Cosa ci sarebbe, dunque, di così attuale in un libro concepito e pubblicato per indottrinare giovanissimi italiani ai valori della patria e del coraggio?
Letto in quest'ottica, certamente, nulla. Eppure a mio parere Cuore non è semplicemente questo. Accantonato per un attimo l'intento dell'autore, concentriamoci su ciò che a questi racconti fa da cornice; sul telaio nel quale questi racconti si incastrano, narrati dalla voce paziente del maestro. Allarghiamo l'inquadratura, per un attimo, e focalizziamoci su ciò che vediamo attorno. Sui banchi di legno, sui giovani studenti che lo ascoltano affascinati, su una Torino ingenua e povera, coi ragazzini che giocano correndo scalzi tra le pozzanghere. Ecco, la chiave di lettura "moderna" che io trovo nel libro Cuore è esattamente questa. Nel riscoprire la meraviglia, l'entusiasmo, la straordinaria voglia di fare che solo una città riemersa a fatica da anni di guerra può avere. Cose che per noi, uomini del Duemila, sono tanto scontate da annoiarci.
Ma soprattutto, sulle difficoltà incontrate dalla neonata Italia nel cercare di amalgamare nel suo seno quelli che erano stati, per secoli, popoli tutto sommato differenti, seppure con un denominatore comune che li aveva spinti ad unirsi sotto un solo tricolore. Gente diversa, con dialetti diversi, usanze diversi, mondi che - nell'epoca dei lunghi spostamenti in carrozza lungo strade talvolta dissestate - spesso erano stati isolati nelle loro piccole galassie di rocce e nebbie e pesanti nevicate invernali.
Immaginate cosa doveva essere, alla fine dell'Ottocento, essere un giovane torinese, che magari non aveva mai visto il mare se non in un dipinto. Oppure, un piccolo ragazzino della costa campana, abituato alle fusa rumorose del mare azzurro ed allo stridio dei gabbiani, che ignora cosa sia la neve, e come punga stringendola nel palmo della mano.
Oggi si parla di sovranità, di "prima gli italiani", di nazionalismo, dimenticando che noi fino a poco tempo fa - e forse anche adesso - siamo innanzitutto stranieri per noi stessi, da Nord a Sud. Ci spaventa l'idea di amalgamarci alle altre culture, dimenticando che, poco più di 150 anni fa, siamo stati noi stessi a doverci amalgamare, smussando le differenze spigolose che Nord e Sud si portavano appresso, residuo di diversi dominatori. Da lì, secondo me, vale la pena ripartire. Dal racconto che De Amicis ci fa di un'Italia ingenua, semplice, entusiasta di ritrovarsi unita.
Tanti gli spunti di riflessione che possiamo, volendo, ricondurre all'attualità; in uno dei primi capitoli, ad esempio, quando incontriamo un nuovo alunno, un giovane calabrese trapiantato a Torino con tutta la sua famiglia, che il maestro ci tiene ad introdurre alla classe cui è destinato con un discorso ricco di retorica, certamente, ma che non può non aprire il nostro cuore ad una serie di riflessioni:

"Voi dovete essere contenti. Oggi entra nella scuola un piccolo italiano nato a Reggio di Calabria, a più di cinquecento miglia di qua. Vogliate bene al vostro fratello venuto di lontano. Egli è nato in una terra gloriosa, che diede all'Italia uomini illustri, e le dà dei forti lavoratori e dei bravi soldati; in una delle più belle terre della nostra patria, dove son grandi foreste e grandi montagne, abitate da un popolo d'ingegno e di coraggio. Vogliategli bene, in maniera che non s'accorga di essere lontano dalla città dove è nato; fategli vedere che un ragazzo italiano, in qualunque scuola metta il piede, ci trova dei fratelli."

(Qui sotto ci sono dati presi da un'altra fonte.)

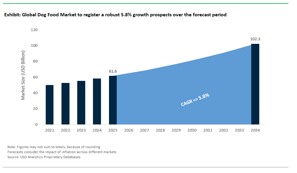 The global dog food market is valued at $61.6 billion in 2025 and is projected to reach $102.3 billion by 2034, growing at a CAGR of 5.8% during the forecast period.

Mondi distanti, che si uniscono. Stranieri che cessano di esserlo, per diventare un popolo unico.
E ancora, sottolinea il maestro:

"Perchè questo fatto potesse accadere, che un ragazzo calabrese fosse come a casa sua a Torino, e che un ragazzo di Torino fosse come a casa propria a Reggio di Calabria, il nostro paese lottò per cinquant'anno,e  trentamila italiani morirono. Voi dovete rispettarvi, amarvi tutti fra di voi; ma chi di voi offendesse questo compagno, perchè non è nato nella nostra provincia, si renderebbe indegno di alzare mai più gli occhi da terra, quando passa una bandiera tricolore."


immagine tratta da "http://oradarialibera.blogspot.com"


Ora, sfrondando il discorso da tutti gli eccessi retorici, filtrandone lo stillante sentimentalismo, non restano dei concetti attualissimi? Non è amaro constatare che, centocinquant'anni dopo, continuiamo a sguazzare nel pregiudizio tra Nord e Sud? E soprattutto, adesso che il mondo si restringe e i flussi migratori aumentano, non è inevitabile vedere in quel piccolo calabrese dagli occhi scuri, spaurito di fronte alla nuova classe, uno dei tanti bambini figli di migranti?
Lungi da me innescare polemiche di stampo politico. Non è lì che voglio andare a parare. Il senso del mio post è semplicemente quello di constatare che anche un classico così antico, può e deve essere ripescato perchè, continua tra le righe a trasmettere valori e spunti per riflettere, oggi come ieri.
E in un'epoca come questa trovo potrebbe essere estremamente utile ripescare dagli scaffali dove giace ad impolverarsi un libro come questo, che con le vive parole e l'emozione di chi c'era ci sa descrivere, seppure con tanta retorica, quello che eravamo quando, come popolo, siamo nati.
Ritrovare le nostre radici, discuterne magari coi bambini, per capire insieme a loro se e come possiamo affrontare questa nuova era ritrovando in noi quell'entusiasmo un po' ingenuo e quei valori universali che hanno guidato la penna che ha scritto queste pagine.
Forse è un tantino provocatorio, me ne rendo conto. Ma i classici sono tali perchè continuano ad insegnarci cosa siamo, mostrandoci cosa eravamo.